WORK REQUIRED:
Transcribe the records below from the first line to the line that includes "4 pièces/ensemble enfants", inclusive, and omit the pictures.

(TASK INPUT begins)

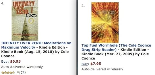 October 5, 2010, K-Bomb Centcom, Los Angeles, CA—In what is arguably a drag-strip journalism first, both Cole Coonce's Top Fuel Wormhole (his collection of drag racing essays), and its predecessor, Infinity Over Zero (an impressionistic history of the Land Speed Record), have both gone electric. Which is to say these may or may not be the first books on the topics to have a presence on Amazon.com's Kindle store, but, arguably, these are the first essential ones.
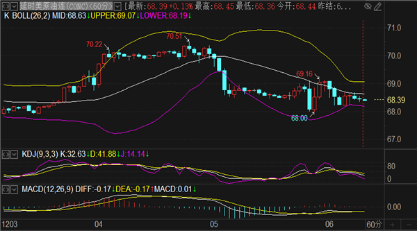 (美原油(美原油06,96.12,-1.87%,模拟交易)05,102.75,-2.15%,模拟交易)价格平开,反弹可参考68.8-69区域做空看68破位持有。
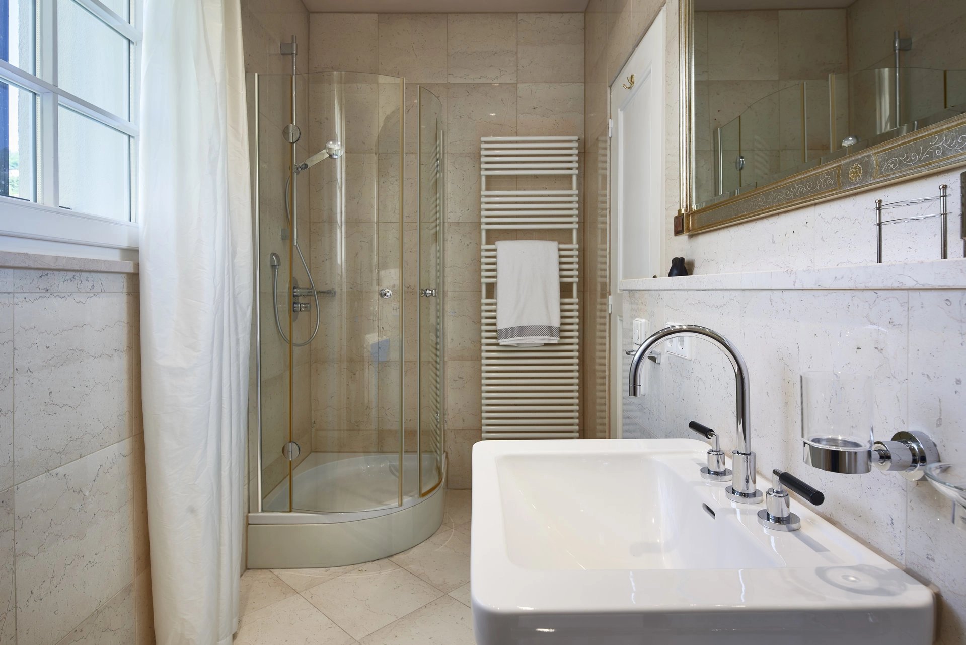 Air-conditioned bedroom (double bed, TV) with shower room / WC
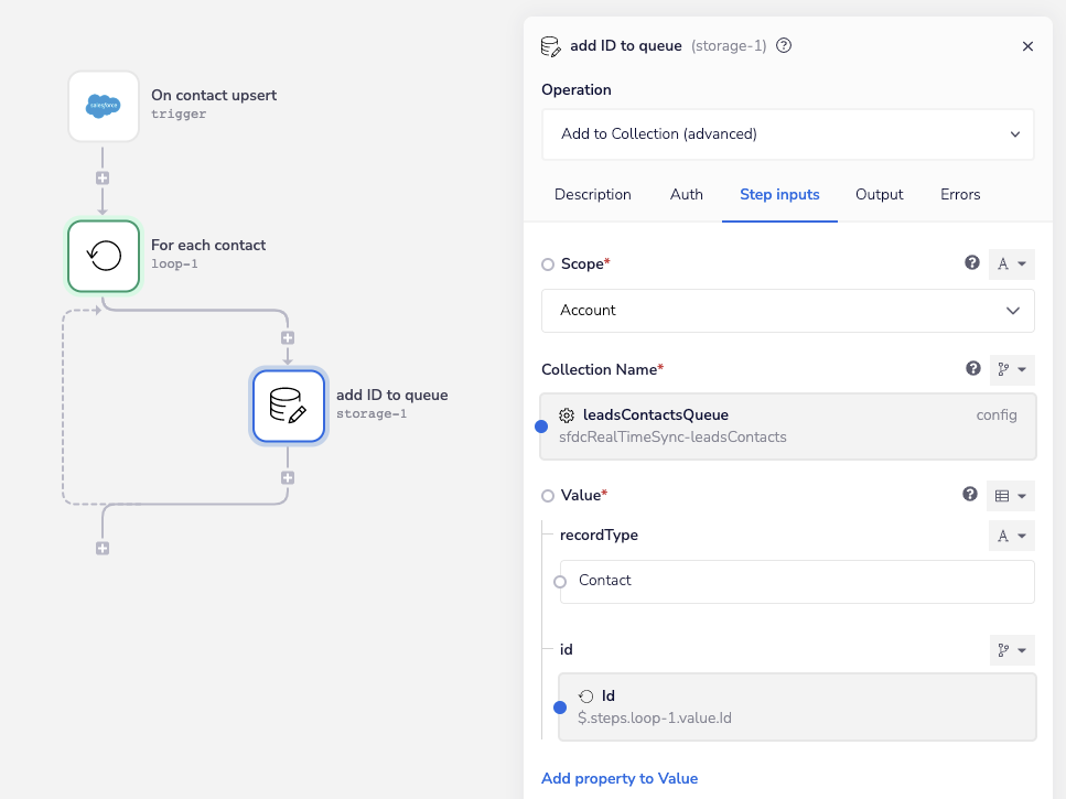 scope setting on the add ID to queue data storage helper means any data stored under the Collection Name sfdcRealTimeSync-leadsContacts
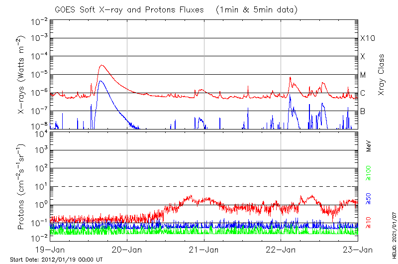 This page provides light-curves generated from GOES soft X-ray and Particle data for the date indicated at the top and the preceding three days.
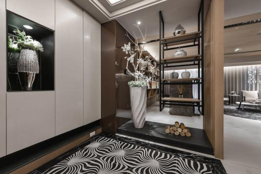 进入玄关,齐整的大面柜体中留下一处壁龛,以便屋主随四时更换收藏品,而大尺度亦保证了足够的展示机能。由铁件及层板构建的简约置物柜,替空间沉入古朴质韵,亦为原先可穿透的视野留下一层念想。带点魔幻曲线的花纹地砖划出一块鲜明的落尘区,有效翻转木作予人的保守印象,而流动的纹理宛如一股轻柔的簇拥力道,以一双无形的手将我们推向屋内。
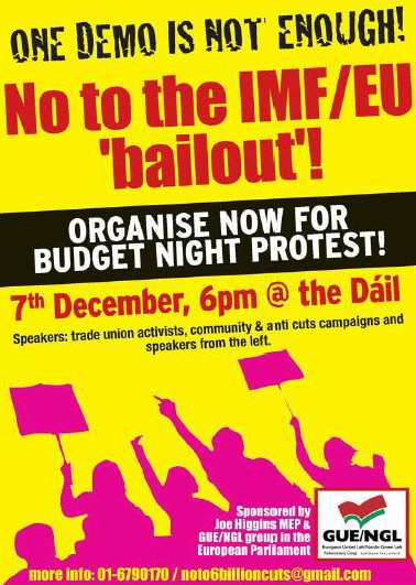 Leaflet for “No To The IMF/EU Bailout” Budget night protest 7th December 6pm @ the Dail » 1demonotenough
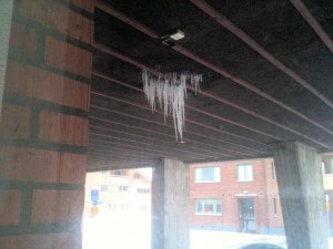 För lite mer än en vecka sen ungefär såg jag detta ifrån tvättrummets fönster.. Det är typ 20 st istappar som hänger ner från taket på gångtunneln över till campus. De kommer från rören som går under vårt vardagsrum. De har gått sönder förr men nu är det istappar på 3 dm var som hänger där mitt ovanför gångbanan.. Jag fick anmäla det till Akelius så de kan komma o ta bort det men jag tror faktiskt inte de lägger så mycket vikt i det tyvärr.. Hoppas de rasar på natten när ingen går där så ingen blir skadad..
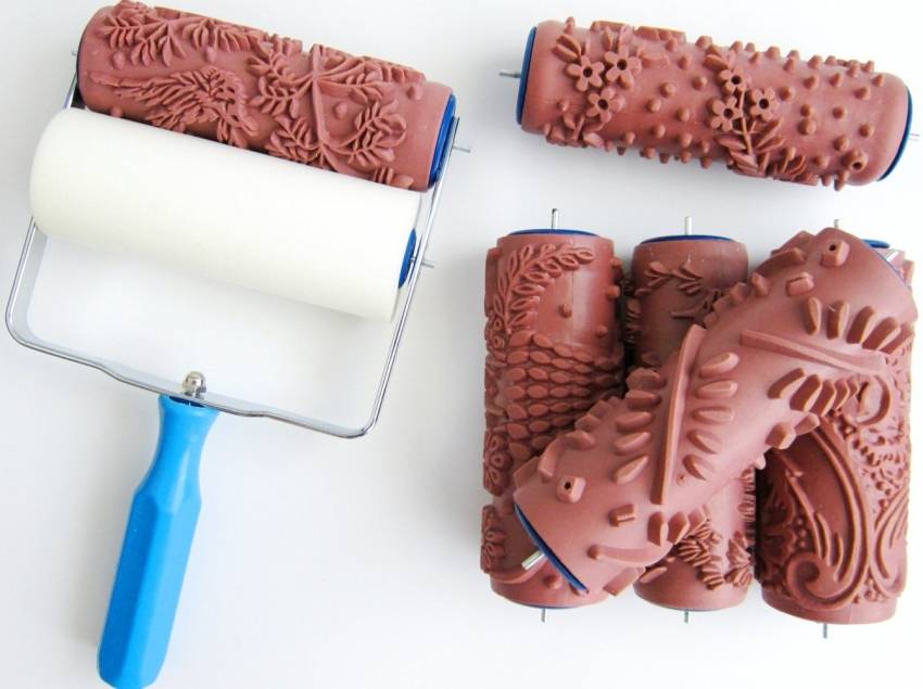 Этот тип декоративных валиков применяется чаще всего опытными профессионалами, поскольку требует определенных навыков. Изготавливаются они из жесткой резины, на которую наносятся выступы и углубления, за счет чего и получается необходимый рисунок.
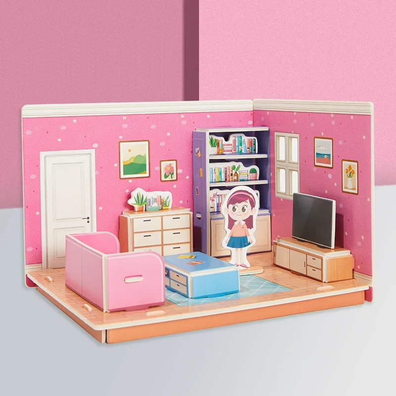 4 pièces/ensemble enfants à la main bricolage chambre modèle Puzzle cuisine chambre salon salle de bain 3D stéréo carton Puzzle
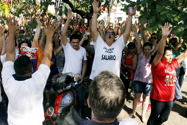 COMPROMISSO - O município se comprometeu a não atrasar a entrega das cestas básicas previstas para o dia 1º de dezembro, assim como o salário que vence em 5 de dezembro. As duas parcelas do 13º deverão ser quitadas nos dias 11 e 18 do mesmo mês. Fica mantido o estado de greve até 31 de dezembro. Os Servidores também irão indicar um representante para o cargo de secretário de Educação até a troca de prefeitos, em janeiro de 2015.
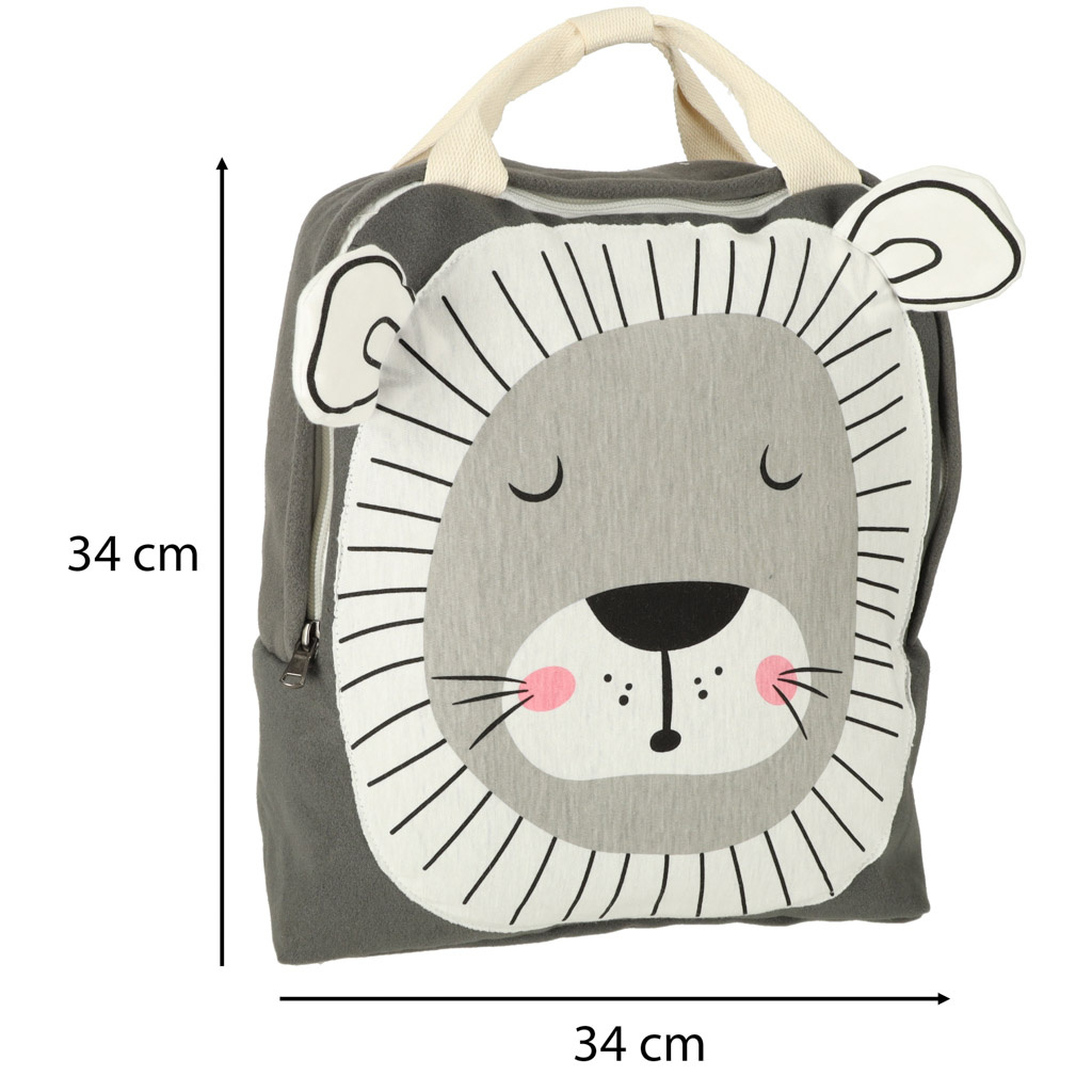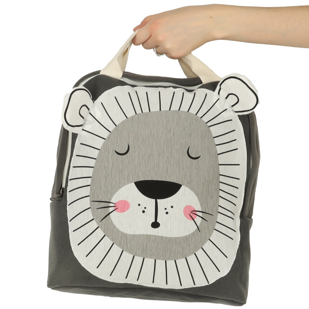 Сладка раница в модерен стил с мотив на лъв със сигурност ще спечели сърцето на всяко дете в предучилищна възраст.
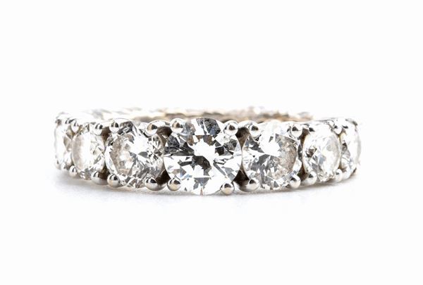 N. 17 diamanti di forma rotonda, taglio brillante, circa 4.00 ct; F-GH; VS-SI.

(TASK INPUT ends)

ANSWER SECTION:
 October 5, 2010, K-Bomb Centcom, Los Angeles, CA—In what is arguably a drag-strip journalism first, both Cole Coonce's Top Fuel Wormhole (his collection of drag racing essays), and its predecessor, Infinity Over Zero (an impressionistic history of the Land Speed Record), have both gone electric. Which is to say these may or may not be the first books on the topics to have a presence on Amazon.com's Kindle store, but, arguably, these are the first essential ones.
 (美原油(美原油06,96.12,-1.87%,模拟交易)05,102.75,-2.15%,模拟交易)价格平开,反弹可参考68.8-69区域做空看68破位持有。
 Air-conditioned bedroom (double bed, TV) with shower room / WC
 scope setting on the add ID to queue data storage helper means any data stored under the Collection Name sfdcRealTimeSync-leadsContacts
 This page provides light-curves generated from GOES soft X-ray and Particle data for the date indicated at the top and the preceding three days.
 进入玄关,齐整的大面柜体中留下一处壁龛,以便屋主随四时更换收藏品,而大尺度亦保证了足够的展示机能。由铁件及层板构建的简约置物柜,替空间沉入古朴质韵,亦为原先可穿透的视野留下一层念想。带点魔幻曲线的花纹地砖划出一块鲜明的落尘区,有效翻转木作予人的保守印象,而流动的纹理宛如一股轻柔的簇拥力道,以一双无形的手将我们推向屋内。
 Leaflet for “No To The IMF/EU Bailout” Budget night protest 7th December 6pm @ the Dail » 1demonotenough
 För lite mer än en vecka sen ungefär såg jag detta ifrån tvättrummets fönster.. Det är typ 20 st istappar som hänger ner från taket på gångtunneln över till campus. De kommer från rören som går under vårt vardagsrum. De har gått sönder förr men nu är det istappar på 3 dm var som hänger där mitt ovanför gångbanan.. Jag fick anmäla det till Akelius så de kan komma o ta bort det men jag tror faktiskt inte de lägger så mycket vikt i det tyvärr.. Hoppas de rasar på natten när ingen går där så ingen blir skadad..
 Этот тип декоративных валиков применяется чаще всего опытными профессионалами, поскольку требует определенных навыков. Изготавливаются они из жесткой резины, на которую наносятся выступы и углубления, за счет чего и получается необходимый рисунок.
 4 pièces/ensemble enfants à la main bricolage chambre modèle Puzzle cuisine chambre salon salle de bain 3D stéréo carton Puzzle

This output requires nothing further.